4 receive cease and desist orders for removing rock

HILO — Earlier this week, four Hawaii County men received cease and desist orders from Department of Land and Natural Resources Division of Conservation and Resources Enforcement (DOCARE) officers for lava rock removal. The men all admitted their roles in the unlawful removal of tons of lava rock from the Mauna Loa Forest Reserve.

DOCARE officers believe the men are the primary individuals who are cracking large chunks of pahoehoe lava, stacking it in place, and then taking it out of the forest reserve by the truckload to sell to hotels and homes for rock boundary and decorative walls and fireplaces. At one time at least one of the men had a permit from the DLNR Division of Forestry and Wildlife (DOFAW) to conduct commercial rock collection, but officers say it expired about eight years ago and was not reissued.


DOCARE Officer Edwin Shishido has been leading a team of officers investigating what he calls theft of state natural resources.

“It appears they go in, crack the lava – all the flat rocks, the really nice ones, and when they don’t see any law enforcement officers around, they’ll load it up into pickup trucks and onto flatbed trailers and just leave,” he said in a press release about the cease and desist orders.

On a recent patrol of the Mauna Loa Forest Reserve, officers found evidence of numerous stacks of rocks: some five-feet high and 20-30 feet long ready to be moved.

“These guys were getting anywhere from $800 to $1000 for a load of rock, often selling it to commercial properties and residential homeowners in Waikoloa and other places on the Big Island, Shishido said.

The Mauna Loa Forest Reserve features a sweeping vista of lava on the eastern slopes of Mauna Loa. Signs at the entrance road and on the mountain clearly prohibit any commercial activity without a permit, including “Damaging or removal of natural features, historic, or prehistoric remains.”

State conservation officers acknowledge that there is a seemingly endless supply of lava on the mountain, but say lava rock removal by creating new roads off the main road and physically cracking the rock is damaging the natural resources and scarring the landscape. They say they’ve consulted with Hawaiian cultural practitioners who disagree with the practice of making money off natural resources that they say should be left alone and in place.


Proposed revisions to rules for State Forest Reserves were discussed at a half dozen public meetings last month, and the period for public comment closed on Friday in advance of the new rules package being presented to the Hawaii Board of Land and Natural Resources at an upcoming meeting.

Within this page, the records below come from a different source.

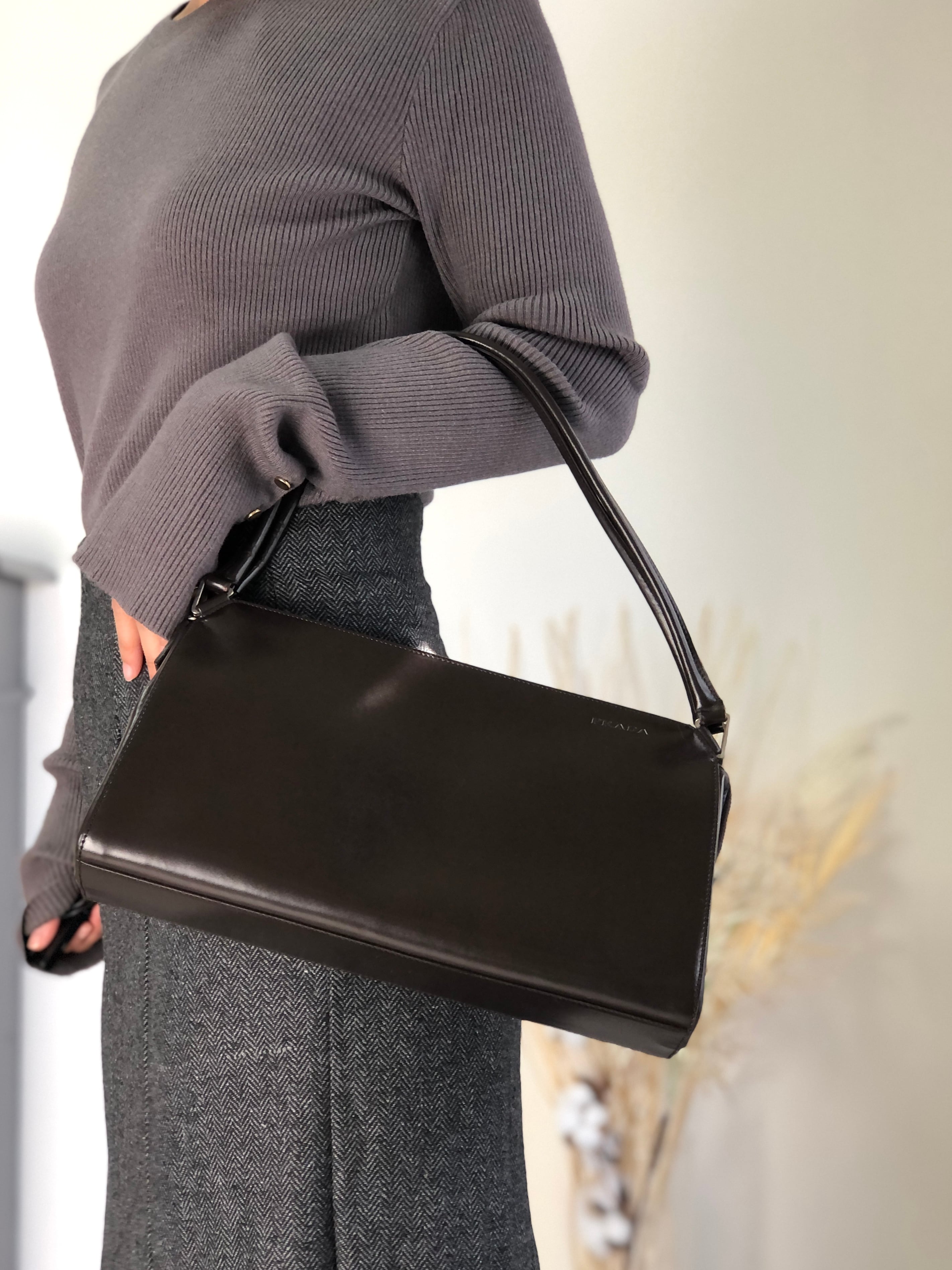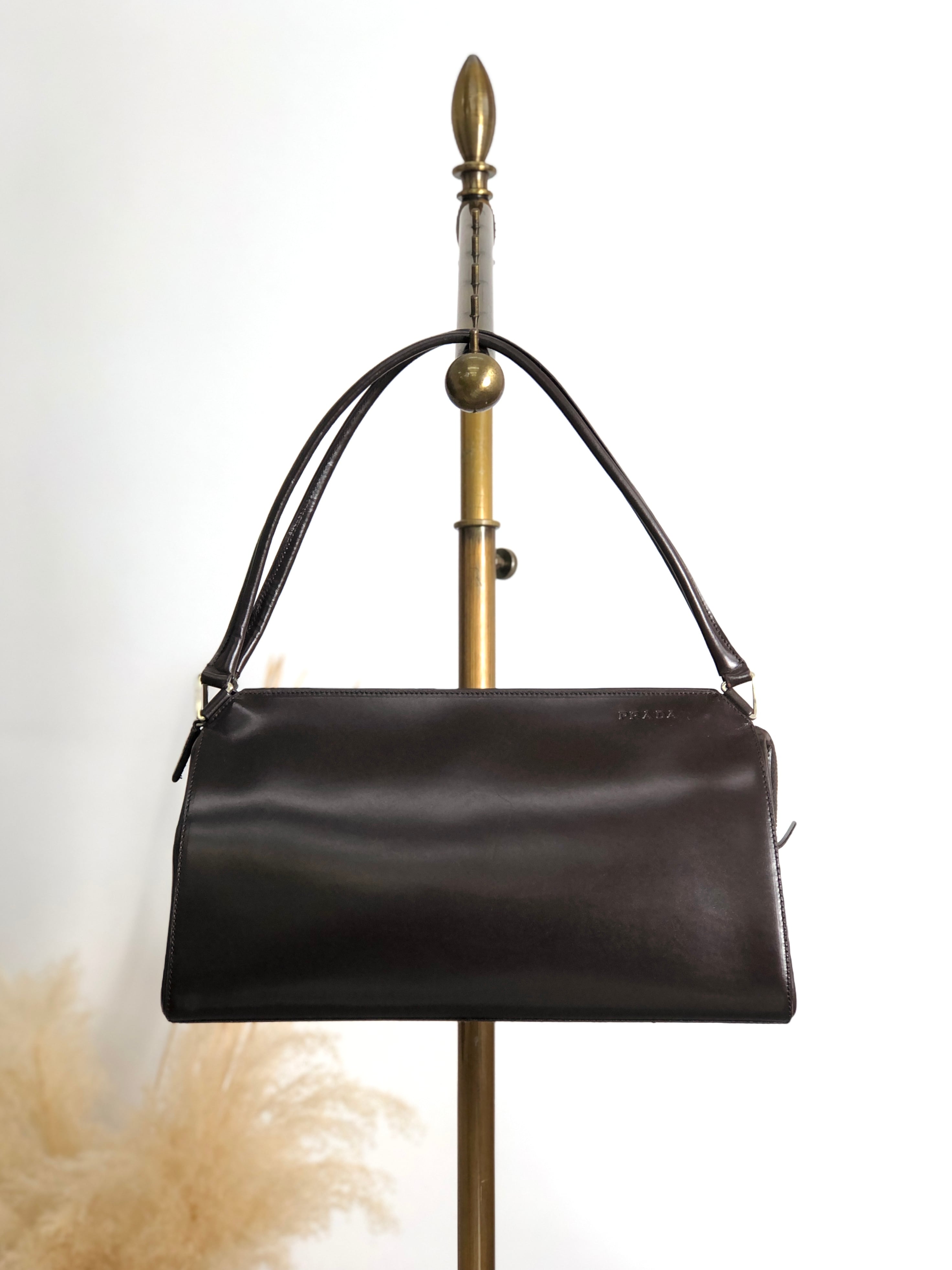 PRADA プラダ ショルダーバッグ ダークブラウン ロゴ レザー vintage ヴィンテージ オールド vrh6c7
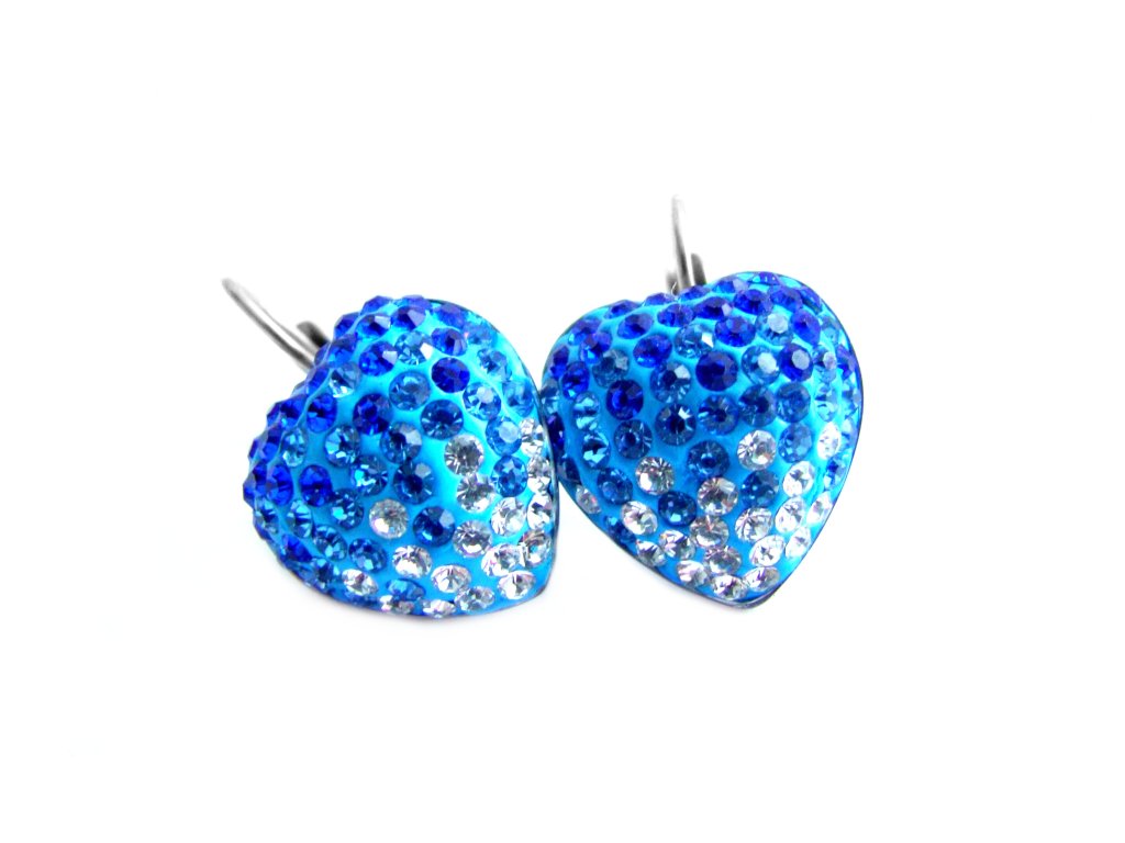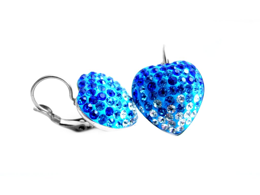 Náušnice - srdce o průměru cca 16 mm, délka včetně závěsu cca 24 mm.
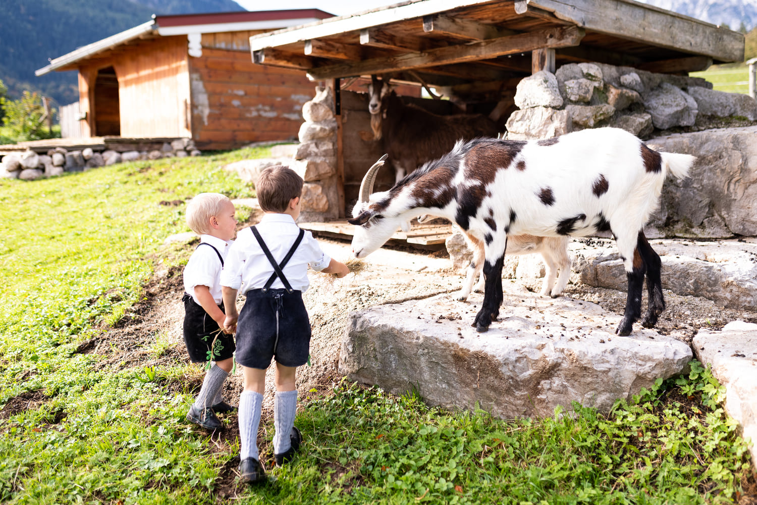 Natur, pur erleben – wie bei einem Bauernhofurlaub! Auf unserem Hof im Berchtesgadener Land können Ihre Kinder Kleintiere wie Esel, Ziegen, Hühner, Enten und Hasen hautnah erleben. Die handzahmen Tiere freuen sich über Streicheleinheiten.
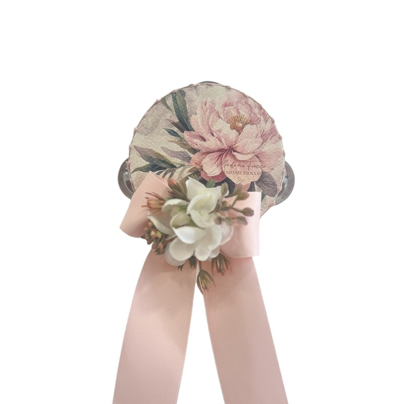 Tamburello Fior di Seta della collezione Madame Fioccò, impreziosito da decorazioni floreali e nastro di alta qualità.
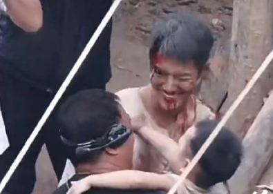 电影拍摄现场,肖战饰演的工匠"莫得闲"(角色名谐音"莫等闲")以满脸血污的战损造型试图亲吻饰演其儿子"莫等闲"的小演员,但孩子多次用胳膊用力抵住肖战的脸拒绝,连续三次躲开亲吻。
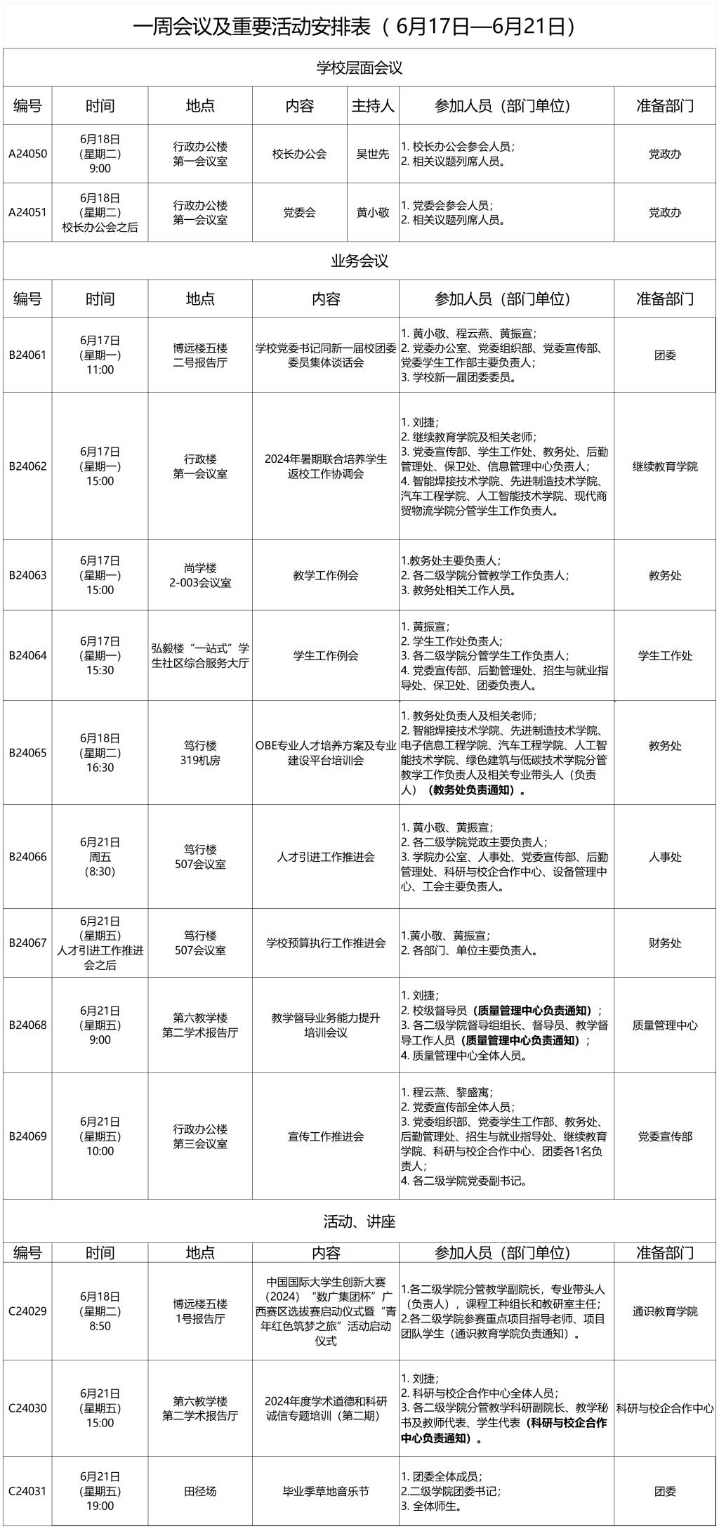 一周会议及重要活动安排表( 6月17日—6月21日)
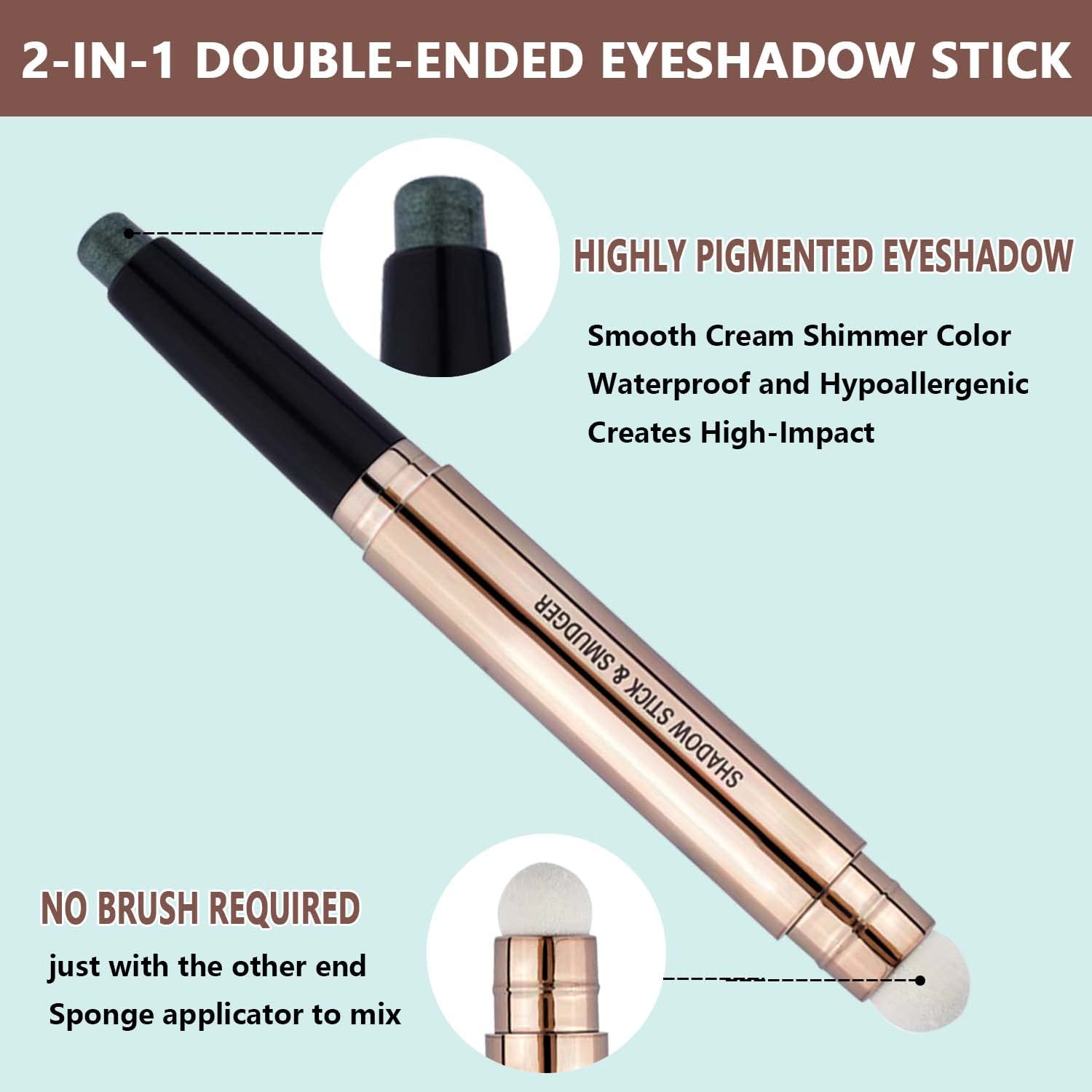 - 2 in1 Eyeshadow Stick . Each eyeshadow stick comes with a soft brush that blends eyeshadow better without crossing colors. The soft brush is easier to mix, and does not hurt your skin. The twist design is easy to control the length of eye shadow stick makeup. Quick application for both professional makeup and beginners.

The revised rules, like the current ones, make it illegal to remove natural resources from a forest reserve for commercial purposes without having a written permit. They also limit the total dollar value of materials that can be taken with a permit, and the amount of time in which removal can occur.

  1. KonaDude May 14, 2018 7:23 am

    Probably been going on for close to 8 years..

  2. naeporue May 14, 2018 10:43 am

    “They say they’ve consulted with Hawaiian cultural practitioners who
    disagree with the practice of making money off natural resources that
    they say should be left alone and in place.”

    So, no more making of money by selling oil, gas, sand, salt, or whatever.

    What did these practitioners and their predecessors do at the quarry on Mauna Kea?

    Any of those ‘damages’ will be covered by new lava in no time.

  3. Hilo Jack May 14, 2018 2:51 pm

    The orange haired baboon and his lucky Pruitt have no issues with these guys taking this rock.

    Have at it!

  4. coro@hawaii May 14, 2018 9:26 pm

    Lava rock is the most abundant building material on the Big Island. It should be free to take for everyone, it should not be restricted by DLNR or other government agencies and police enforcement.
    HOWEVER, the county and/or DLNR and private landowners should designate (mostly remote!)
    areas where large amounts of lava rock, a’a as well as pahoehoe, are available and accessible by
    pickup truck … the way it used to be 20-30 years ago along Kaahumanu Highway. A beautiful lava
    rockwall has always been the pride of an Hawaiian home and of many public buildings and parks.
    There were great rock wall builders like Billy Freitas who could turn a pile of a’a rocks into a master-
    piece. If the rock builder (and owner) has to pay hundreds and even thousands of dollars just for
    the raw material, even for good looking a’a rocks, then traditional Hawaiian Real Lava Rock Walls
    become unaffordable and a thing of the past and will be replaced instead by cheap crushed rock
    contraptions as can be seen all over Kona during the past 10-15 years.
    My suggestion to the “Rock Authorities”: Please get together and work out a reasonable, common
    sense solution to the problem of making lava rock, a’a and pahoehoe, again freely available for
    home owners as well as small and large contractors by designating (remote) areas where the
    removal of lava rocks will not result in a visual disturbance of the environment or have other
    detrimental effects. It may involve the construction of rough access roads in some locations.
    Moderate permit fees could pay for it, if necessary.
    When are “they” going to restrict the taking of ocean water ?
    Lava rock is really a “renewable resource” as we are just experiencing again, so why restrict it ???